• **What is being asked**
Everything in the listing below has to be repeated exactly, except the pictures.

• **Information shown**
*** Begin section ***
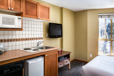 Discover the fun, excitement, and beauty of Whistler at this charming, open-plan studio for two located within walking distance of skiing, shopping, dining, and so much more. Prepare quick meals or mugs of hot chocolate in your kitchenette, and then kick back and watch your favorite shows and movies on the flatscreen TV. After exciting days on the slopes, drop your gear off at the complimentary ski valet in the lobby and head straight out to the shared, heated pool and the outdoor hot tubs to soak those tired muscles. Additional features include saunas, a fitness room, secure parking, and bicycle storage. More...
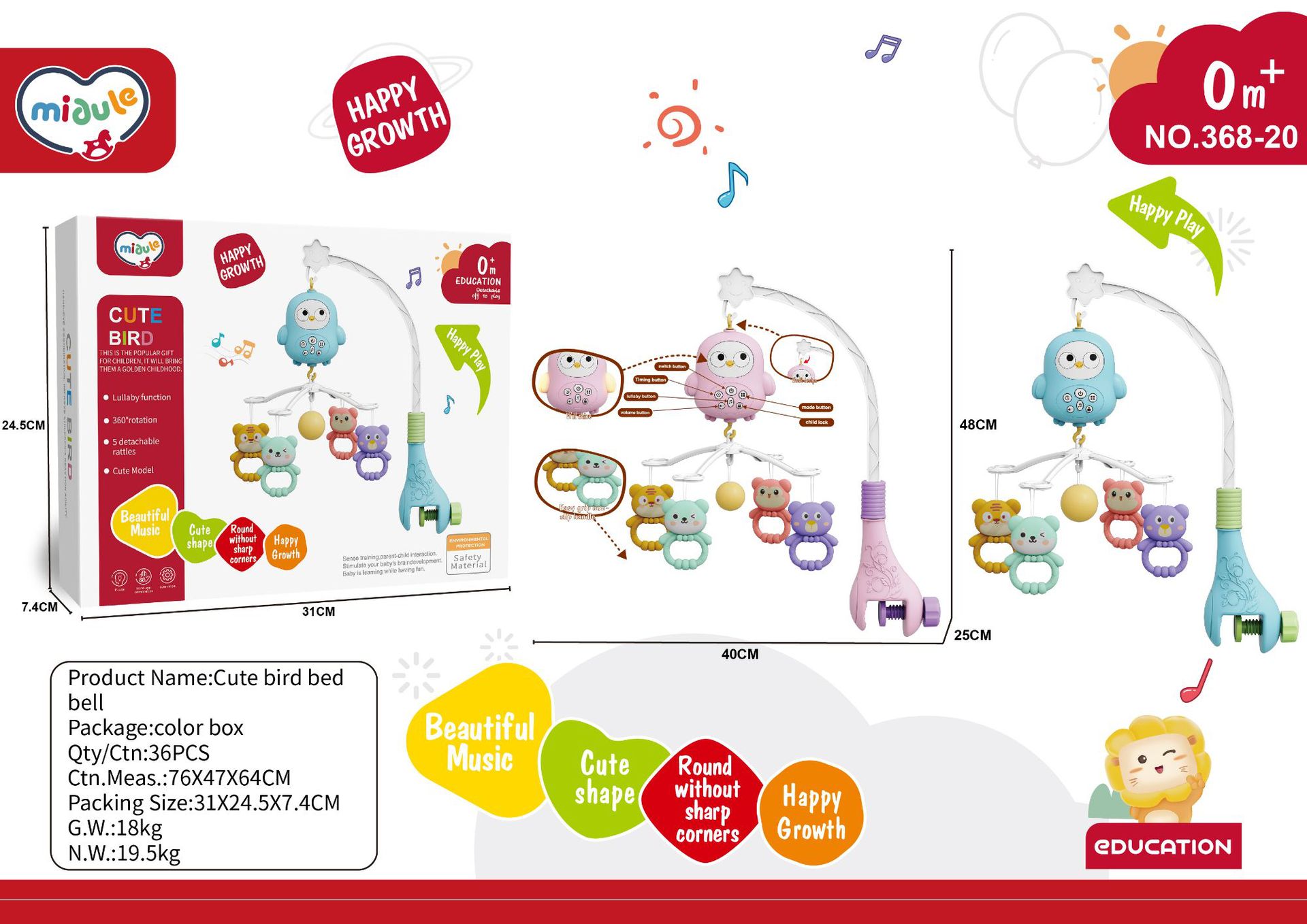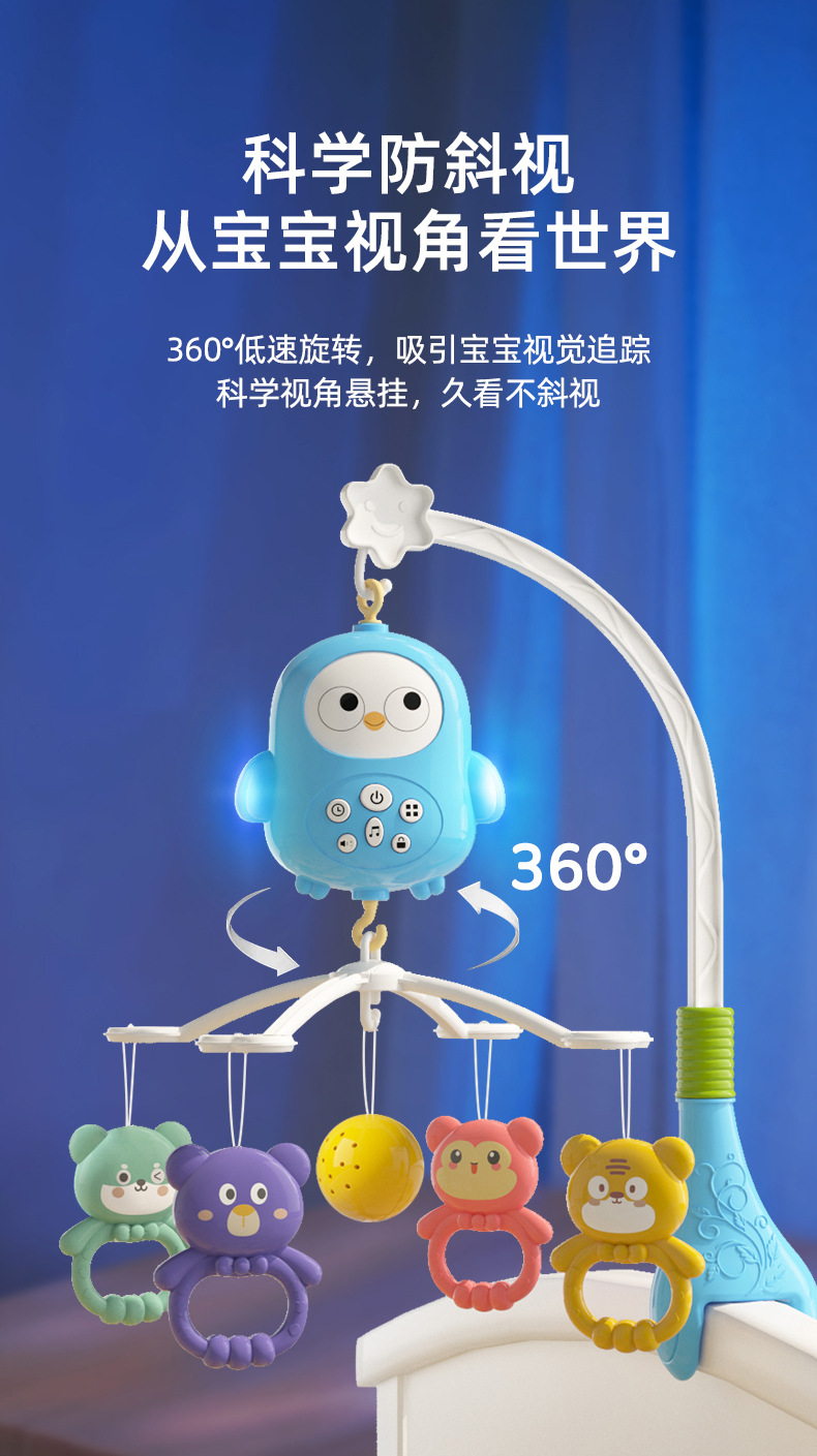 국경 간 유아 음악 회전 딸랑이 신생아 아기 침대 벨 0-12 개월 조기 교육 가벼운 음악 장난감스토어 가기
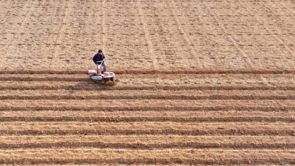 2月13日,在山东省枣庄市山亭区桑村镇,农民驾驶农机开沟准备播种马铃薯(无人机照片)。近日,随着气温回升,山东省枣庄市山亭区农民积极开展春耕备耕,一派人勤春早的忙碌景象。
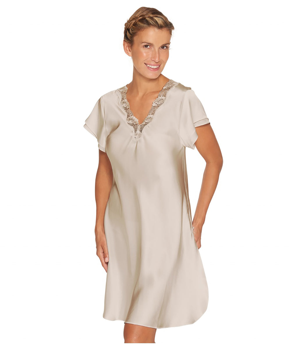 Pure Silk - Nightgown w.lace, short sleeve - 104 BAILEY
*** End section ***
• **Your response**
 Discover the fun, excitement, and beauty of Whistler at this charming, open-plan studio for two located within walking distance of skiing, shopping, dining, and so much more. Prepare quick meals or mugs of hot chocolate in your kitchenette, and then kick back and watch your favorite shows and movies on the flatscreen TV. After exciting days on the slopes, drop your gear off at the complimentary ski valet in the lobby and head straight out to the shared, heated pool and the outdoor hot tubs to soak those tired muscles. Additional features include saunas, a fitness room, secure parking, and bicycle storage. More...
 국경 간 유아 음악 회전 딸랑이 신생아 아기 침대 벨 0-12 개월 조기 교육 가벼운 음악 장난감스토어 가기
 2月13日,在山东省枣庄市山亭区桑村镇,农民驾驶农机开沟准备播种马铃薯(无人机照片)。近日,随着气温回升,山东省枣庄市山亭区农民积极开展春耕备耕,一派人勤春早的忙碌景象。
 Pure Silk - Nightgown w.lace, short sleeve - 104 BAILEY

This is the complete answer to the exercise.